How to disrupt service management and provisioning

John Bennett
John Bennett

I then put my vendor hat on and told John that it felt a little exciting and disruptive. But with those feelings come nerves. John settled my nerves quickly.

“It’s about vendors realising that we have the people that know what they are doing – with years of experience and understanding – of how we can put existing devices together using one simple method. We’ve done all the back office work and coded these applications together. And we’ve proved it globally by rolling phones out everywhere. You don’t have to have ten different processes per handset or vendor”.

I then touched on security concerns when introducing a new technology of process. With 99.999% SLA and 100% uptime, the stats should speak for themselves. John added:

“We’ve onboarded 15 different partners and they’ve all penetration tested for security processes many times. Everyone of them has signed off on it to make us live. None of them have ever come back with a security breach. We’ve tested the system to the point of breaking and gone to the nth degree to had network overlay security process that are more complex than some of our vendors are used to.

We sometimes go as far as advising vendors to what security processes they should be rolling out and adhering to. There have been occasions where we’ve realised our intellectual property out to them as a guide”

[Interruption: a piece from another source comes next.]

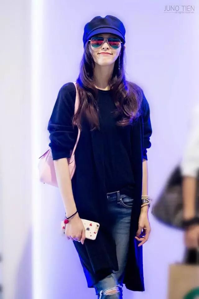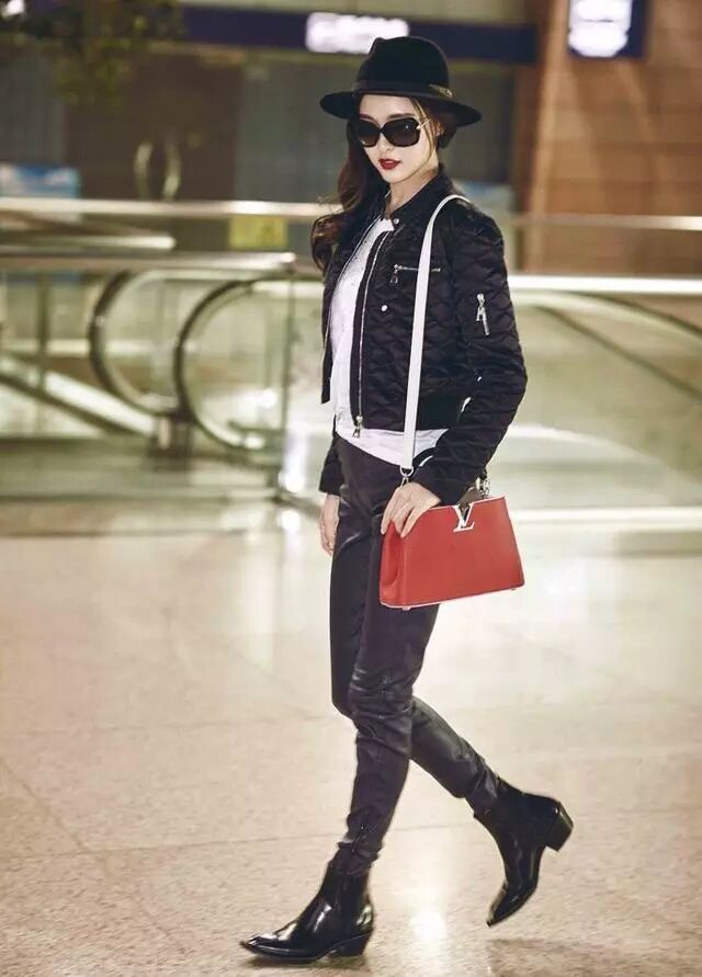 今年短款很流行,可以完美的拉长腿部线条,唐嫣就穿这样一件黑色短款外套,内搭白色T恤,下搭黑色皮裤和黑色短靴,完美的凸显了腰线,穿皮裤更显腿部纤细修长。

By futureproofing the security and support, Swoop Datacom ensures that vendors understand where Swoop Datacom is going but also where the industry is going.

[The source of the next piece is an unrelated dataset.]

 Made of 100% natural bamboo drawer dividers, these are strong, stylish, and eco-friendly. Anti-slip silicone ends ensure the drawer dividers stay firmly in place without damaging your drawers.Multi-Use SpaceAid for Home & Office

John pointed out that this is particularly important in the self-service world.

“A lot of the time this is a self-service system. It’s not always delivered as a wrap-around services so there won’t always be someone that goes out and install the devices can maintain them. At the same time, we need to give vendors and users peace of mind that their handsets are backed up by the highest levels of security.

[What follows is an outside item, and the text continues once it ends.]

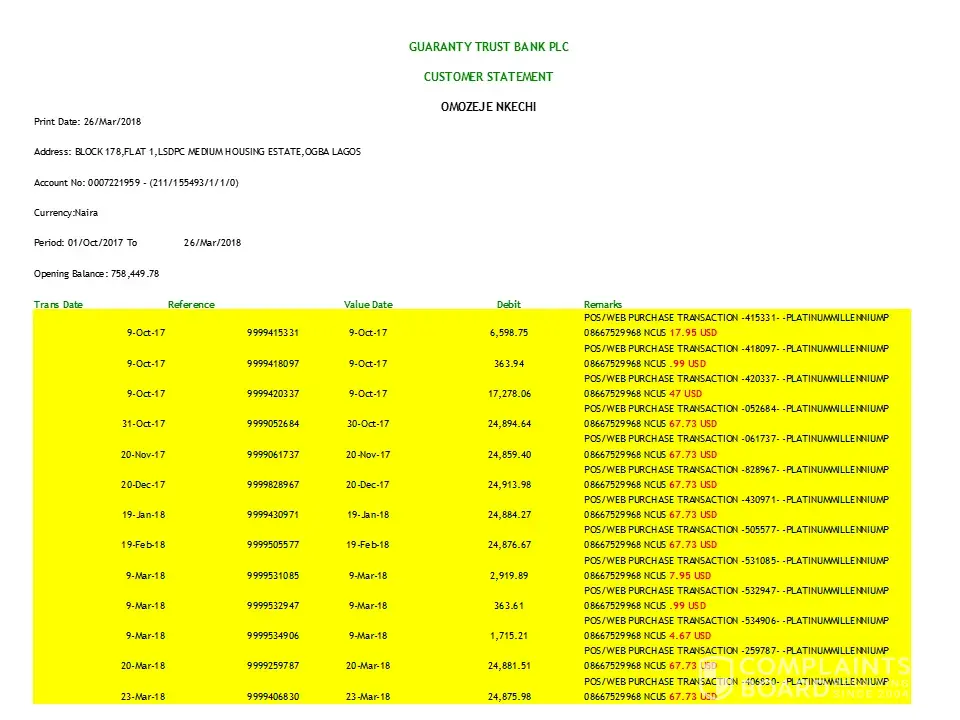 Platinum Millennium Publishing unauthorised deductions from credit card

Everyone has different ideas around what security looks like. As a minimum, we enforce at least three strict policies that they have to follow:

  • Certificates on the devices
  • IP addresses
  • MAC addresses

We can validate these through different processes that are backed off to other back offices and staging arenas. We won’t talk to anything that doesn’t pass through our security processes. There’s no information that can leave our system if you haven’t passed through our processes.”

What does self-service and zero touch mean for provisioning jobs?

With my nerves truly settled around security in new, disruptive technologies, another alert rang in my head. Having worked in provisioning for six years, it suddenly sounded like my old role was being made redundant. A little like the introduction of artificial intelligence in the contact centre, John informed me this would make provisioning roles more productive and zero touch provisioning isn’t a threat.

“Someone still needs to setup the configs and profiles. We’ve just made this seamless. If the information is given to our distribution partner at the point of sale, our system generates the user account and password, assigns the phones to the user and select the call control platform to make sure it has the correct firmware. In theory, it’s a slick processing system”.

I then asked John what happens if I have a problem with my phone or batch of phones and haven’t touched it through the provisioning process.

Again, John eased my mind. There are usually two explanations if a device is down at the point of testing or go live.

“It’s either dead on arrival which is a pandemic failure. This is an RMA request and it goes back through the supply chain process. The second issue it could be is if the device isn’t connected to the provisioning server. Our system gives you status updates and helps you start troubleshooting where the issue lies”.

John’s constant satisfaction of my vendor oriented questions left me asking what more John can add. He left with a challenge to pose to vendors that aren’t using true zero touch provisioning today:

Come and see if it doesn’t do something that you need.